In modern agricultural field, insect pest detection plays an important role in timely and accurate diagnosis of crop insect pest. But it is difficult to detect crop insect pest in the field due to the various-shape-size insect pests with complex background. To solve such problem, a dilated multi-scale attention U-Net (DMSAU-Net) model is constructed for crop insect pest detection by making use of the advantage of multi-scale convolution and attention mechanism. In dilated inception module, multi-scale convolution kernels without increasing training parameters are used to extract the distributed characteristics of insect pests at different scales and to perform cascade fusion. The experiments are carried out on the rice insect pest image subset of IP102 dataset. The detection results show that DMSAU-Net is effective and feasible for crop insect pest detection in the field. This research can be used to realize the automation degree of insect pest management in agricultural field. Future work is to optimize the model to organically integrate it into an effective insect pest detection system.

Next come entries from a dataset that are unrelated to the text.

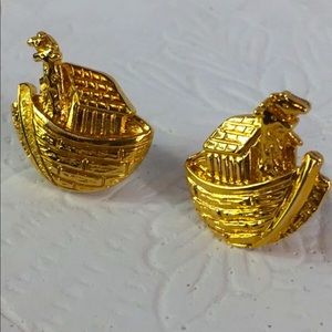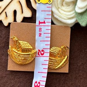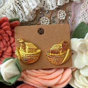Beautifully crafted, 1980's, vintage gold tone Noah's Ark stud earrings.
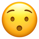 This open eye, open mouth, raised eyebrow emoji is labeled the "hushed face" emoji by Unicode — meant to convey someone who has been, well, hushed. (Think: you're talking too loud, or you're saying all the wrong things and need to stop. Either works.) Of course, plenty of people assume it means surprised — but if you want to convey that emotion, perhaps you should go with the very slightly different "astonished face" emoji.
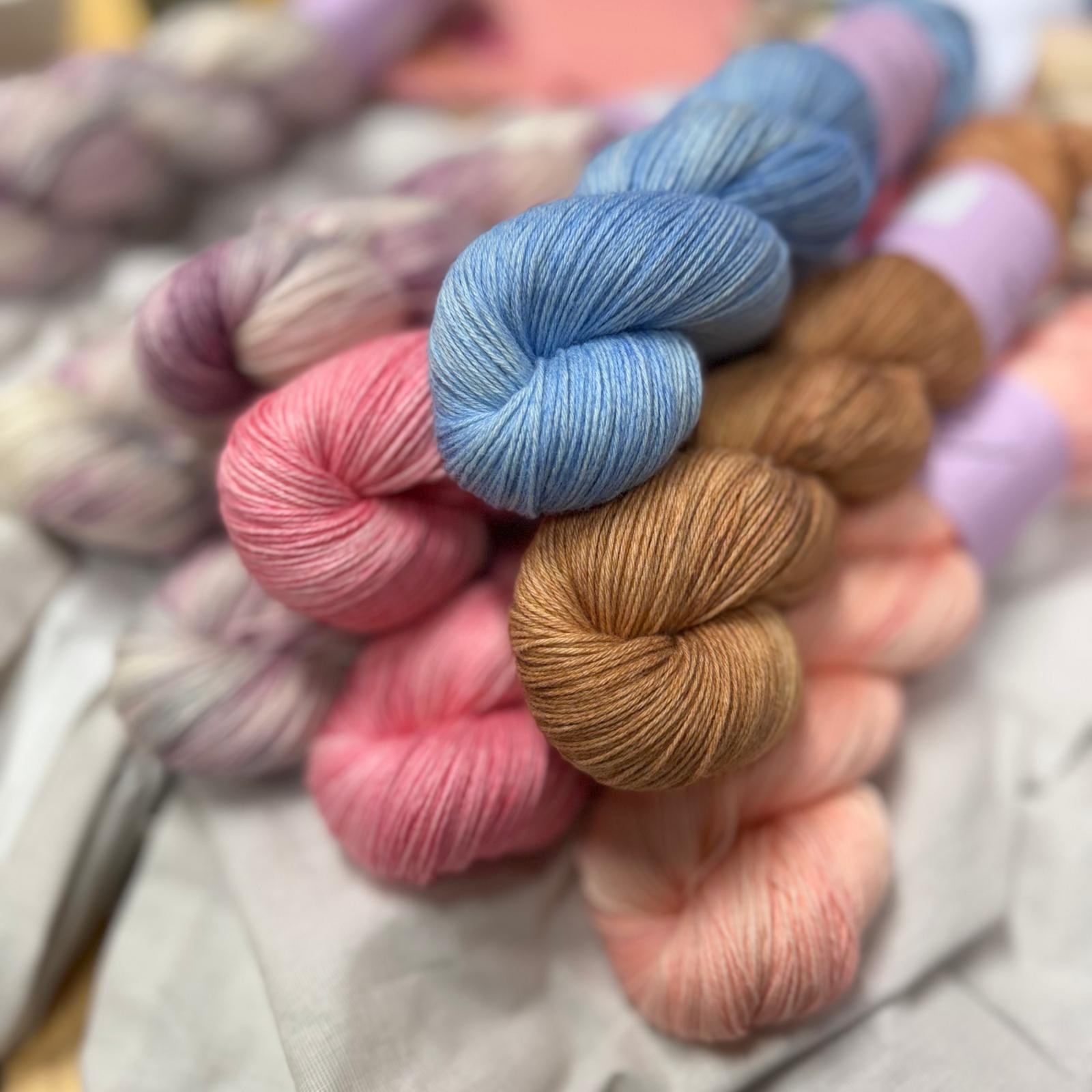 - 300 g suurempiin lankatarpeisiin valitse langat aina samasta värjäyerästä (suuremmat värierät saatavilla myös tilauksesta).
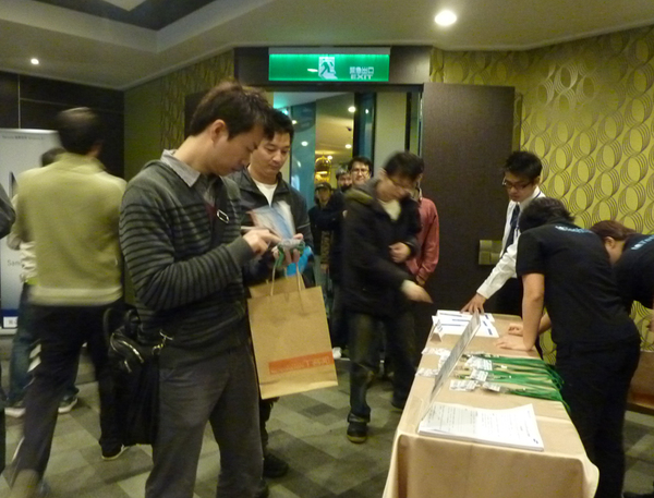與會者魚貫入場,並領取紀念品,一如往例,有PC home雜誌一本,發文規則以及產品簡介.
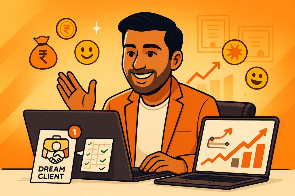 Attracting quality clients predictably, using a proven engine—no chasing, no stress. Streamlined prospecting: Your calendar fills automatically with qualified leads. Selling feels natural you guide every lead confidently with the CLOSE Method. Objections melt away; clients say “yes” without haggling on price. Scaling your revenue: Shooting from ₹1-5L months to ₹30-50L+ consistently. You operate with clarity, knowing exactly what to do next for growth.
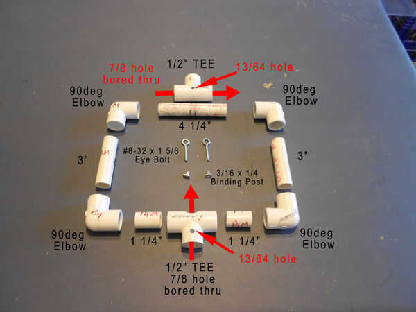 4) lo mismo para la parte inferior t, pero el agujero de 7/8 pasará a través de la mitad de la t de todo el camino a través de la parte trasera. Haciendo así que la pipa del PVC y deslice la derecha a través.
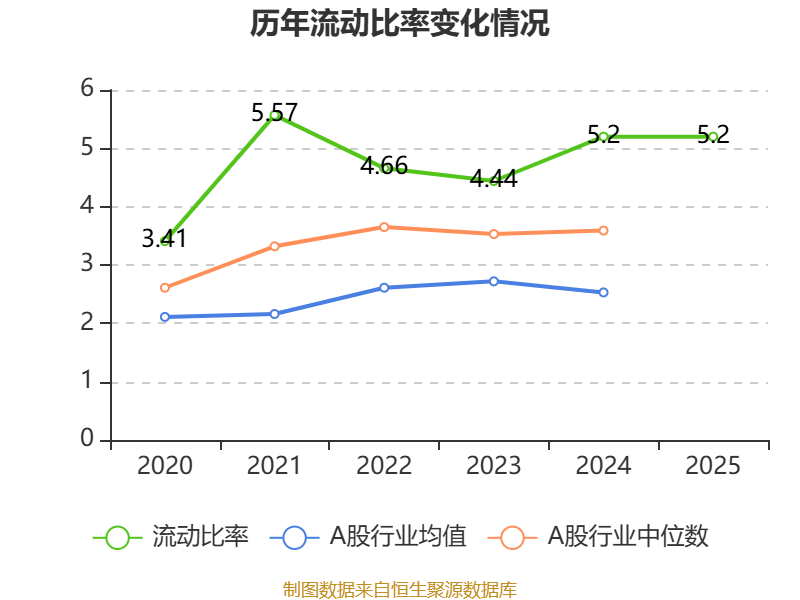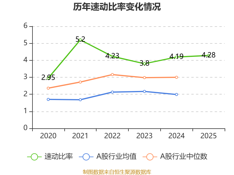 2025年,公司流动比率为5.20,速动比率为4.28。

DMSAU-Net is complex in structure and has many data processing processes, and is difficult to detect the occlusion insect pest in field, which is a common phenomenon. In the future, we will prune and optimize the model, continue to study how to improve the accuracy of insect pest detection and the generalization ability of the model, and construct a multi-scale feature fusion DMSAU-Net to deal with the occlusion problem.